O dia estava ensolarado, aquecendo o frescor do outono. Contemplando aquela bela vista e com o rosto confortado pelo calor, era quase como se ainda fosse verão e suas preocupações fossem coisas de um dia que viria. De olhos fechados, a princesa inalou profundamente o forte cheiro de maresia tão característico e depois expirou devagar. Abrindo os olhos escuros como jabuticabas, ela avistou um grupo de pássaros brancos no céu azul, planando em suas asas estendidas rentes ao mar para depois alçarem vôo nas alturas. Eram livres como ela já não se sentia a muito tempo. A princesa desviou os olhos da janela aberta para a bandeira que estava pendurada na parede atrás dela. Se destacava diante das tantas peles de animais que recobriam as paredes do quarto, toda preta, estampada com o perfil da cabeça de uma águia bordada em vermelho sangue.

Era o animal que representava sua família, o emblema que carregava no broche de ouro em seu vestido e nos estandartes.
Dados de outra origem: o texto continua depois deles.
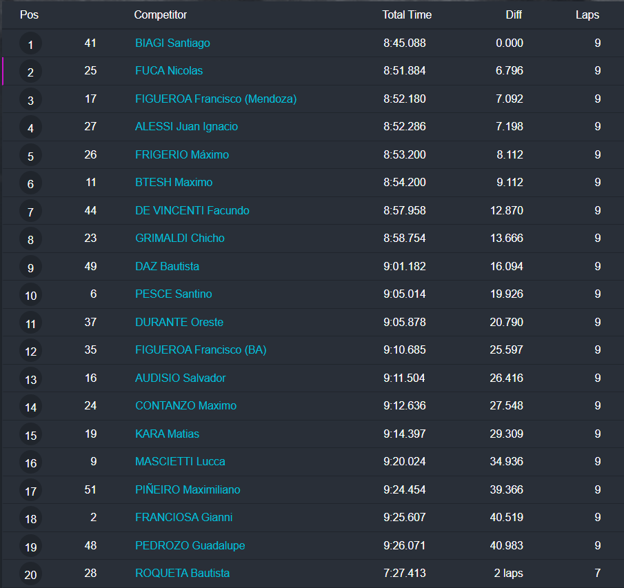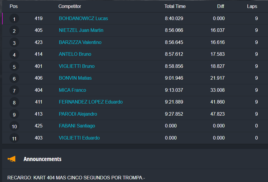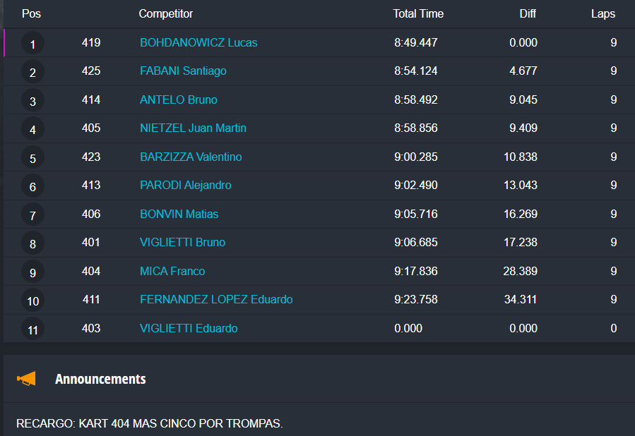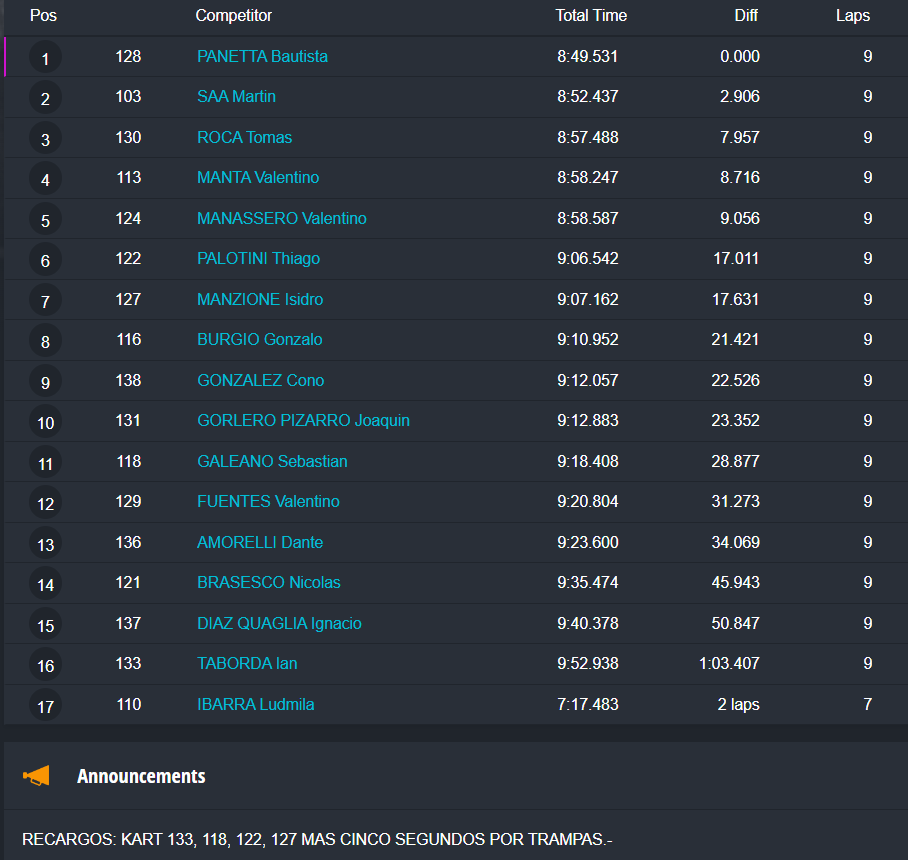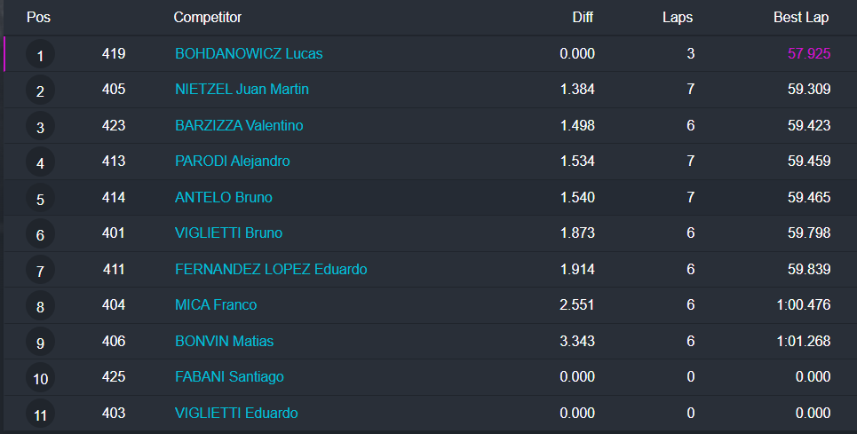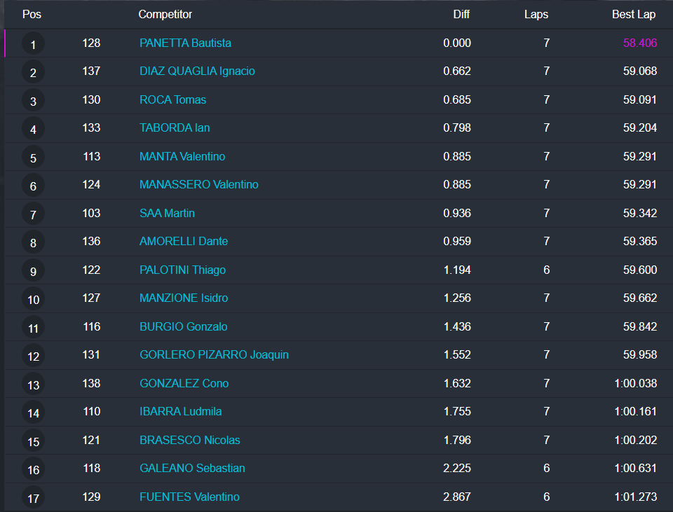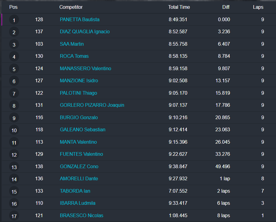 La noticia del día fue la consagración anticipada de Bautista Panetta en Junior Max, que es el nuevo Campeón luego de sumar los puntos de la pole position y ganar las dos mangas. Panetta es el cuarto campeón anticipado, junto a Gabriel De Lucca (Master Max), Matías Rodríguez (DD2) y Diego Vigliercio (Master Nacional).

Voando mais alto, diziam as palavras de sua casa, mas não sentia como se pudesse voar livre como aquelas míseras gaivotas faziam. Melancólica pelos sintomas de sua angústia, a mulher voltou sua atenção ao chá que fazia. Ela pegou a chaleira de água quente trazida pelos servos mais cedo e despejou o líquido com cuidado dentro da xícara de porcelana. Preparou uma pequena peneira de pano, enchendo-a de flores brancas poligonais e afundou-a na água fervida. Logo o doce cheiro do chá de artemísia subiu, o vapor aromatizado forte tomando conta do quarto.
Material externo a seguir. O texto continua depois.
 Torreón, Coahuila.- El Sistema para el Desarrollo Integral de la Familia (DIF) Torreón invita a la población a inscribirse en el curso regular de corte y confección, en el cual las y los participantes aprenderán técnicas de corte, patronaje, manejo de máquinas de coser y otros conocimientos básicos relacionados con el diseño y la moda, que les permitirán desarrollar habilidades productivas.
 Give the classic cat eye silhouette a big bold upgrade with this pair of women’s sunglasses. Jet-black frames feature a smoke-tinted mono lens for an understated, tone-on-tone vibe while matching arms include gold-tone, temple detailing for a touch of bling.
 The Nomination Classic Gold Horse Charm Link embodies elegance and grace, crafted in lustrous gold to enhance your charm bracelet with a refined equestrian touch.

Quando a água ficou esbranquiçada e turva, a princesa retirou a peneira, deixando que escorresse para depois colocá-la em cima de uma bandeja de prata na mesa diante da janela. Ela tateou a xícara, averiguando a temperatura e depois levou-a para os lábios rosados. O gosto era doce como o cheiro, delicado e açucarado com sutileza. Era o preferido de Isandra, mas nem mesmo ele conseguia tirar o amargor de sua boca. Ela deu as costas para o dia, contemplando o interior do quarto, e se viu desolada no silêncio absoluto de sua companhia muda. Aquele era o terceiro dia desde que seu pai dormira, um corpo magro e estático afundado em um amontoado de cobertores em uma cama imensa para ele. Lembrava-se dele como um homem grandioso e de punho, mas a cada lua que iluminava o céu, ela percebia o quão mais fraco o pai ficava.

O segundo gole do chá já não era mais doce. Ele desceu quente e áspero, difícil de engolir, como tudo o mais que tentava comer ou beber. Ela deixou a xícara na mesa, indisposta, e foi até a cama do pai no centro do quarto. Era um grande móvel retângular esculpido em madeira escura, com quatro pilares, um em cada ponta, onde se estendia uma grande cortina de seda que descia pelas laterais. O lado que dava para a janela tinha a cortina presa no momento, permitindo que o ar matinal entrasse, numa tola tentativa de dar cor ao pálido rosto do homem em coma.

Isandra sentou na borda da cama com delicadeza, pousando a mão sobre o peito do pai coberto e contemplou seu rosto branco. Ele já não era mais o jovem Rei que fora alguns anos atrás, com seu rosto marcado por rugas de expressão e tempo em diversas partes, os olhos fundos e com bolsas. Suas sobrancelhas, antes dois grandes amontoados de pelos pretos, eram agora grisalhas, tinha a barba feita por praticidade e até seus cabelos já eram ralos e acinzentados se comparados a antigamente. O estado de saúde precário havia acelerado o envelhecimento e fragilizado o corpo, como o maege havia dito que seria, e a veracidade daquelas palavras estava bem diante dos olhos da princesa. Ela percebia as nuances da palidez do pai toda nova manhã, como o quão escuras se tornavam diariamente as manchas abaixo dos olhos, e os quilos que perdia por sua invalidez.

Quando acordado, o homem sofria de febres intensas e alucinações. Já naquele estado era apenas um corpo inanimado que ainda estava vivo. A expressão cadavérica e a respiração fraca eram um presságio de que não viveria por muitas outras manhãs, Isandra sabia.